Perhelatan yang digelar pada hari ini Jumat 19 Desember 2025 di Aula Besar MAN Kota Surabaya mengusung tema sentral “Peran Generasi Muda dalam Menjaga Ukhuwah dan Toleransi di Era Digital.” Agenda ini menjadi oase bagi siswa-siswi, guru, hingga peserta eksternal yang memadati lokasi acara.

Secara filosofis, moderasi beragama bagi Gen Z berfungsi sebagai “jalan tengah” atau wasathiyah di tengah gempuran ideologi ekstrem di era global. Moderasi bukanlah tentang mendangkalkan keyakinan, melainkan cara pandang yang menempatkan kemanusiaan sebagai titik temu. Di tengah dunia yang tanpa batas, kemampuan anak muda untuk tetap berpijak pada nilai religius sekaligus menghargai perbedaan adalah kunci menjaga kedaulatan bangsa.
Ketua Pelaksana, Muhammad Revano, dalam laporannya menyebutkan bahwa acara ini merupakan upaya konkret pemuda untuk mengambil peran dalam perdamaian. Hal senada disampaikan Kepala MAN Kota Surabaya, Bapak Drs. Fathorrahman M.Pd.
“Kegiatan ini memiliki manfaat yang sangat positif, maka saya berharap untuk tahun berikutnya akan ada acara seperti ini lagi,” ujar Bapak Fathorrahman saat memberikan sambutan.
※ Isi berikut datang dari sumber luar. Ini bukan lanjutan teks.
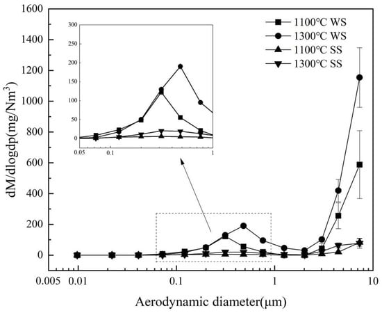 Figure 6 illustrates the ELPI-measured, mass concentration-based PSDs of the PM10 produced from burning WS and SS at two temperatures. Clearly, the PSDs all display a bimodal pattern, with a submicron mode located between 0.3 and 0.5 μm and a supermicron mode of particles larger than 2 μm, typical of PM10 generated from pulverized biomass combustion [37,38]. The productions of both submicron and supermicron particles from WS combustion are much higher than those from SS combustion. Increasing the combustion temperature from 1100 °C to 1300 °C increases the formation of submicron particles and leads to the shift of the mode diameter from 0.31 to 0.48 μm for WS and SS combustion. The reason is that higher temperature promotes the vaporization of inorganic matter during combustion [16], resulting in subsequently forming more PM1 and enhancing the growth of submicron particles by coagulation and condensation. Elevating the temperature also considerably increases the yield of supermicron particles from WS combustion.

Suasana aula yang awalnya syahdu oleh alunan melodi Manesa Band berubah menjadi dinamis saat sesi puncak dimulai. Talkshow ini menghadirkan narasumber Husain Basyaiban atau Kadam Sidik, pendakwah muda yang populer di ruang digital, bersama Bapak Muslim selaku Kepala Kantor Kementerian Agama. Ada juga sebagian siswa yang menyaksikan kegiatan ini di area Masjid Kanzul Hikmah MAN Kota Surabaya.
Dipandu oleh Rangga sebagai moderator, kedua narasumber membedah urgensi ukhuwah (persaudaraan) di dunia maya. Kadam Sidik menekankan bahwa tantangan terbesar Gen Z saat ini adalah godaan untuk menjadi hakim di media sosial. Ia berpesan agar generasi muda memiliki “saring sebelum sharing” sebagai bentuk moderasi dalam berkomunikasi.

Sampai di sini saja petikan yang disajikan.